By Shelly Allen
How to Stop Your Cat from Scratching Your Furniture: Cat scratch fever is a very serious condition and one that can make your head spin, your nerves frazzled, and make your furniture look like you picked it up from the side of the road on garbage day. By now you must realize that I’m not talking about some nasty little disease you get from being scratched by a cat, no, I’m talking about the mental state that comes from having a cat that likes to scratch everywhere you don’t want her to!
Take a deep breath as there are many solutions to stop a cat from scratching your furniture, none of which entail declawing your favorite little furry friend!
Yes, there are some great tips to stop your cat from destroying your furniture and whether your cats are kittens or older, we’ve got real solutions! The first step is to understand why your cat scratches in the first place.
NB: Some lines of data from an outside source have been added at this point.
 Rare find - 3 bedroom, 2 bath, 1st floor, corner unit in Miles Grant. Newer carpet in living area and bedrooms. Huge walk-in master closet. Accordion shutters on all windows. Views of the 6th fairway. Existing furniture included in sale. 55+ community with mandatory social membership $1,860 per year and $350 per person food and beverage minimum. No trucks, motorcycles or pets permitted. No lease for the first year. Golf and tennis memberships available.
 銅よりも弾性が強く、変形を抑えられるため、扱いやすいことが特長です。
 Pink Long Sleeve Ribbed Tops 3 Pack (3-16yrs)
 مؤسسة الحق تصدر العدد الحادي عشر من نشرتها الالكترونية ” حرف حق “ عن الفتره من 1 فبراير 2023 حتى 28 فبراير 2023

Scratching is a natural behavior for cats. CATS SCRATCH! Can you stop your cat from scratching? No, and there happen to be some very good reasons for that. First and foremost, cats find extreme pleasure in scratching!
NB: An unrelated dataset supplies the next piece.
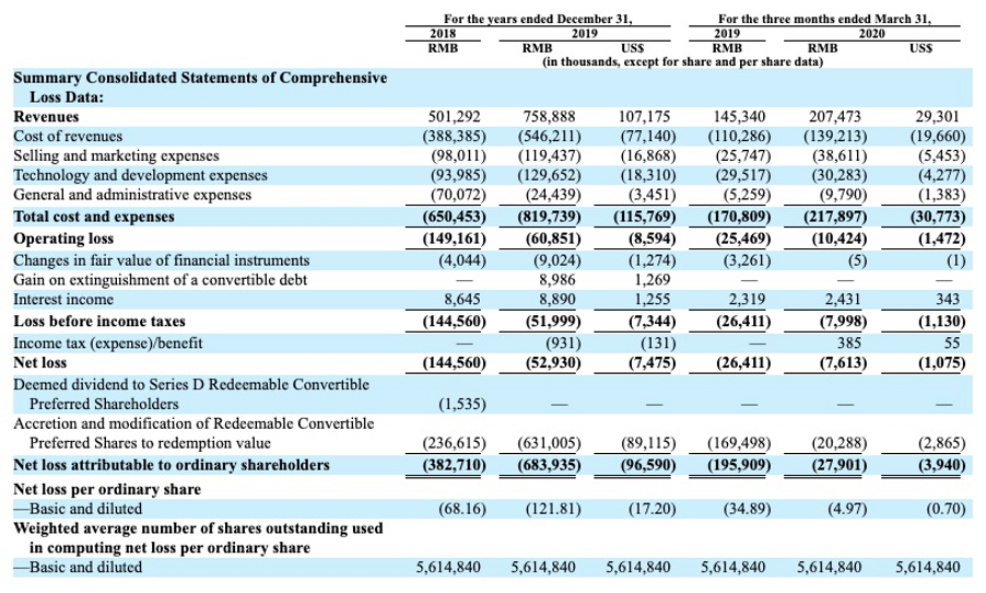 營收方面,公司2019年?duì)I業(yè)收入達(dá)7.59億元,相較2018年5.01億元增長51.4%。2020年第一季度收入達(dá)2.07億元,2019年同期為1.45億元。
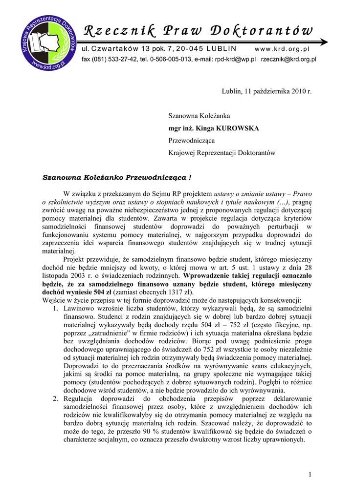 Rzecznik Praw Doktorantów ul. C z w a r t a k ó w 13 pok. 7, 2 0 - 0 4 5 L U B L I N www.krd.org.pl fax (081) 533-27-42, tel. 0-506-005-013, e-mail: [email protected] [email protected] Lublin, 11 października 2010 r. Szanowna Koleżanka mgr inż. Kinga KUROWSKA Przewodnicząca Krajowej Reprezentacji Doktorantów Szanowna Koleżanko Przewodnicząca ! W związku z przekazanym do Sejmu RP projektem ustawy o zmianie ustawy – Prawo o szkolnictwie wyższym oraz ustawy o stopniach naukowych i tytule naukowym (…), pragnę zwrócić uwagę na poważne niebezpieczeństwo jednej z proponowanych regulacji dotyczącej pomocy materialnej dla studentów. Zawarta w projekcie regulacja dotycząca kryteriów samodzielności finansowej studentów doprowadzi do poważnych perturbacji w funkcjonowaniu systemu pomocy materialnej, w najgorszym przypadku doprowadzi do zaprzeczenia idei wsparcia finansowego studentów znajdujących się w trudnej sytuacji materialnej. Projekt przewiduje, że samodzielnym finansowo będzie student, którego miesięczny dochód nie będzie mniejszy od kwoty, o której mowa w art. 5 ust. 1 ustawy z dnia 28 listopada 2003 r. o świadczeniach rodzinnych. Wprowadzenie takiej regulacji oznaczało będzie, że za samodzielnego finansowo uznany będzie student, którego miesięczny dochód wyniesie 504 zł (zamiast obecnych 1317 zł). Wejście w życie przepisu w tej formie doprowadzić może do następujących konsekwencji: 1. Lawinowo wzrośnie liczba studentów, którzy wykazywali będą, że są samodzielni finansowo. Studenci z rodzin znajdujących się w dobrej lub bardzo dobrej sytuacji materialnej wykazywały będą dochody rzędu 504 zł – 752 zł (często fikcyjne, np. poprzez „zatrudnienie” w firmie rodziców) i ich sytuacja materialna określana będzie bez uwzględniania dochodów rodziców. Biorąc pod uwagę podniesienie progu dochodowego uprawniającego do świadczeń do 752 zł wszystkie te osoby niezależnie od sytuacji materialnej ich rodzin otrzymywały będą świadczenia pomocy materialnej. Doprowadzi to do przeznaczania środków na wyrównywanie szans edukacyjnych, jakimi są środki na pomoc materialną, na grupy społeczne nie wymagające takiej pomocy (studentów pochodzących z dobrze sytuowanych rodzin). Pogłębi to różnice dochodowe wśród studentów, a nie będzie prowadziło do ich wyrównywania. 2. Regulacja doprowadzi do obchodzenia przepisów poprzez deklarowanie samodzielności finansowej przez osoby, które z uwzględnieniem dochodów ich rodziców nie kwalifikowałyby się do otrzymania pomocy materialnej ze względu na bardzo dobrą sytuację materialną ich rodzin. Szacować należy, że doprowadzić to może do tego, że przeszło 90 % studentów kwalifikować się będzie do świadczeń o charakterze socjalnym, co oznacza przeszło dwukrotny wzrost liczby uprawnionych. 1 3. Znaczący wzrost liczby uprawnionych (patrz pkt 2) prowadzić musi albo do dwukrotnego zwiększenia nakładów z budżetu państwa na bezzwrotną pomoc materialną – co w obecnej sytuacji budżetowej wydaje się mało prawdopodobne lub do przeszło dwukrotnego obniżenia wysokości świadczeń wypłacanych na uczelniach. 4. Uczelnie nie chcąc doprowadzić do drastycznego obniżenia świadczeń pomocy materialnej ustalały będą próg wsparcia (dochód uprawniający do świadczeń) na poziomie poniżej 504 zł na osobę w rodzinie w miejsce obecnych zazwyczaj 602 zł na osobę w rodzinie (chcąc wykluczyć osoby deklarujące samodzielność finansową). Paradoksalnie więc wprowadzenie regulacji doprowadzić może do rzeczywistego obniżenia progu wsparcia i zmniejszenia liczby studentów faktycznie otrzymujących świadczenia o charakterze socjalnym. Określanie progu samodzielności finansowej poniżej proponowanego maksymalnego progu wsparcia jest metodycznie błędne. Ustalenie progu wsparcia na poziomie 752 zł z założenia słuszne (dochód uprawniający do świadczeń od 2005 r. wzrósł dotychczas zaledwie o 30 zł: z 572 zł do 602 zł) przy ustaleniu kryterium samodzielności finansowej na poziomie 504 zł (a więc poniżej progu wsparcia) prowadzić będzie do fikcyjnego deklarowania samodzielności finansowej przez studentów, którzy z dochodami rodziców przekroczyliby próg wsparcia. Definicja samodzielności finansowej z założenia stanowić miała wyjątek od ogólnej reguły udzielania wsparcia osobom pochodzącym z rodzin o nienajlepszej kondycji finansowej. Dlatego też, jako regułę w rozwiązaniach ustawowych przyjęto ustalanie dochodu na osobę w rodzinie studenta, rodzinę definiując jako: studenta, jego rodziców i uczące się rodzeństwo, a także małżonka i dzieci studenta. Zauważyć trzeba, że rodzice mają ustawowy obowiązek alimentacyjny względem dziecka, w pierwszej więc kolejności to rodzina zobowiązana jest do udzielania sobie wsparcia; dopiero w sytuacji kiedy okazuje się to niemożliwe wkracza państwo ze wsparciem socjalnym. Temu służyły funkcjonujące rozwiązania. Próg samodzielności finansowej był tak ustawiony, aby osoba, która gospodaruje sama i osiąga dochody uprawniające do uznania jej za samodzielną finansowo nie kwalifikowała się do świadczeń pomocy materialnej – co zapobiegało nadużyciom. Dopiero w przypadku posiadania niepracującego małżonka i dziecka osoba samodzielna finansowo powinna się kwalifikować do świadczeń. Ustalenie progu samodzielności na proponowanym poziomie (504 zł) w sposób oczywisty spowoduje, że osoby, które z dochodami utrzymujących je rodziców przekraczałyby próg wsparcia będą czyniły starania o osiągniecie, nawet fikcyjnego, dochodu z przedziału 504 – 752 zł, ażeby uzyskać świadczenia przeznaczone przecież dla osób, które znajdują się w trudnej sytuacji materialnej, przez co należy rozumieć w pierwszej kolejności trudną sytuację ich rodzin, które nie są w stanie udzielić im niezbędnego wsparcia finansowego. Jedyną k

Think about the one thing that you love to do more than anything, now think about someone coming along and trying to get you to stop. Not gonna happen, is it?
Okay, so now we know cats find pleasure in scratching, but why? Scratching is a territorial instinct by which cats place their mark and establish their turf. Through scratching cats mark their domains with more than visible signs of claw marks. Cat’s paws also have scent glands that leave their own special scent on their territory. But wait, there’s more, scratching also serves to keep your cat in shape. The act of scratching stretches and pulls and works the muscles of a cat’s front quarters, an act that a cat that has been declawed can no longer enjoy.
Follow these steps to keep your cat from scratching your furniture
You need to learn how to re-direct where your cat likes to scratch.
First, you need to provide an appropriate place for her to scratch. So what is appropriate? Cats like rough surfaces that they can shred to pieces. There are many scratching posts on the market and many different scratching products to choose from but bear in mind that whatever post you choose must be tall enough for her to fully extend her body and most importantly, it must be secure. If it topples over even once she won’t go back to it.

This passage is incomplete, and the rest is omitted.